Labradford has always set its course through the minimalist ether, but on their fifth full-length release, E Luxo So, you'd be hard-pressed to find even a breeze to hold onto. But the still-water approach works, often with a placid beauty. This time around, the trio of Mark Nelson, Robert Donne and Carter Brown has completely strained out the lyrics, which, on the group's previous work, Mi Media Naranja, existed only as tweaked mumblings. Beats live only as phantasmagoric suggestions, and what is left are skeletal remains of rubbery bass, melancholic pianos and organs, plaintive strings and even a mystic hammered dulcimer. And the guitars? Labradford, believe it or not, has always been a guitar band, although those guitars are processed, looped and stretched beyond recognition. E Luxo So is filled with ghostly guitar, and on "and Jonathon Morken.

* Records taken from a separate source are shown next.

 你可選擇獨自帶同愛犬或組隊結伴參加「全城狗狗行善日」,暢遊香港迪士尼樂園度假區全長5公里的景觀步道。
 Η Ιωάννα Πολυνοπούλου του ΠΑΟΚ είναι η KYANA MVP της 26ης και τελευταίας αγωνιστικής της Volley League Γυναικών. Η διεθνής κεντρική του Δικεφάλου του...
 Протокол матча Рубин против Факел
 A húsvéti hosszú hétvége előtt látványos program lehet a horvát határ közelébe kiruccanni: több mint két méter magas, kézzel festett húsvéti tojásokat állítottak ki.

Photo provided by" the best track on the album surf-rock chords, which sound as if they've been filtered though Jell-O, provide a melodic foundation of sorts.

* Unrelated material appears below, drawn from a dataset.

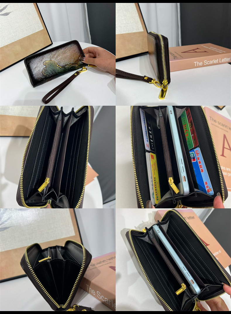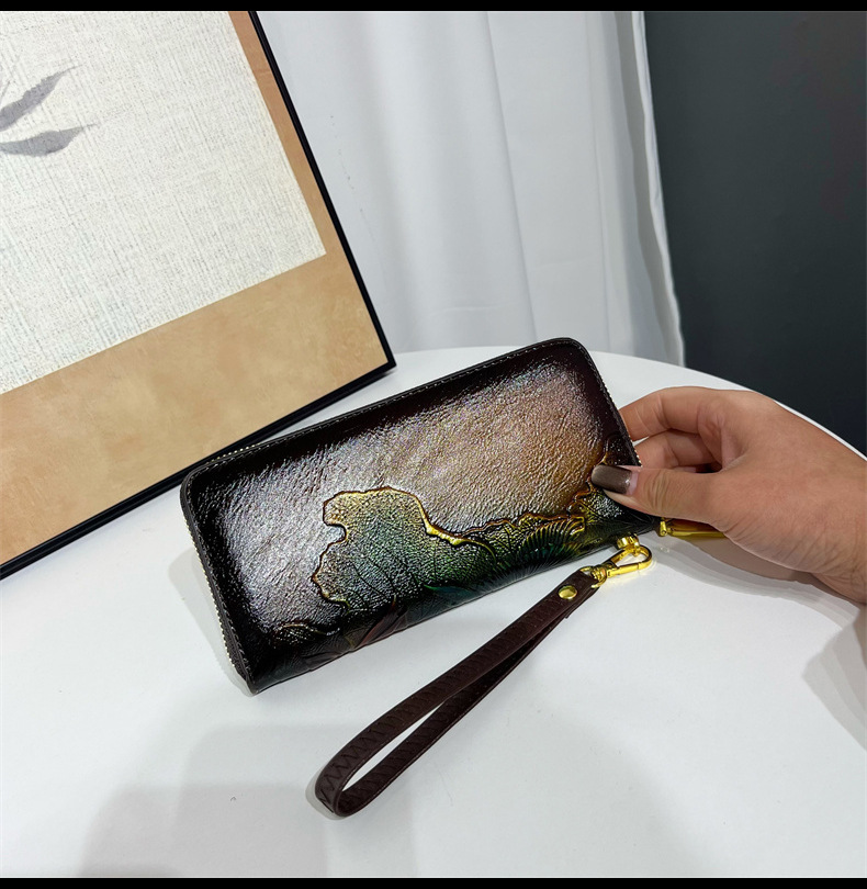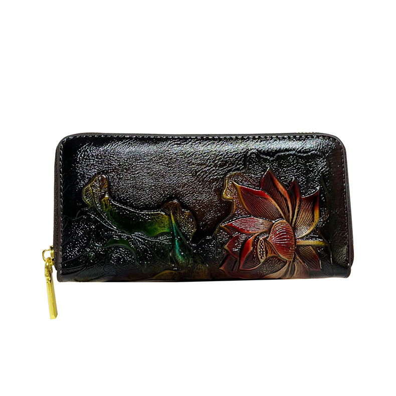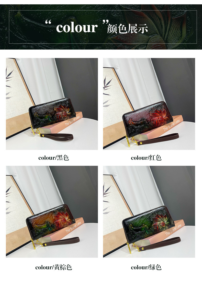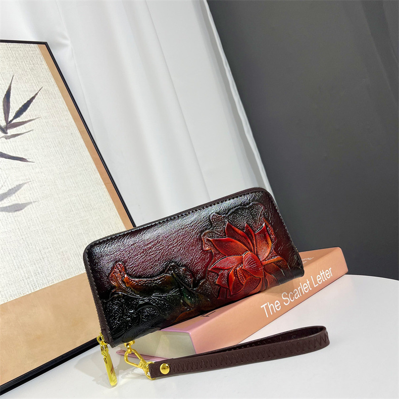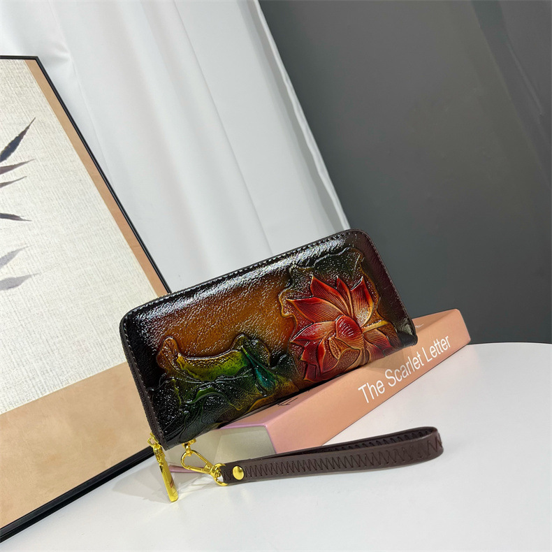 钱包跨境新中式荷花复古质感休闲手拿包国风百搭气质中年包包女

As you can see, the track titles "Dulcimers played by Peter Neff. Strings played" and "Leta O'Steen. Design assistance by John Piper," and so on are the album's credits and clue the listener in on Labradford's process-is-everything take on music-making. Like German technophile and process-ist, Pole, Labradford often utilizes seemingly random hissing and crackling as the core around which the band constructs its eerily winsome soundscapes.
Compared with Pan-American, last year's dubby solo shot from Labradford's guitarist/vocalist, Mark Nelson, E Luxo So barely has a pulse, but then, at 4 in the morning the last thing you'd want is more party music. What would provide womblike comfort at that late hour is a cool, cleansing shower in the ephemerally tranquil sounds of Labradford.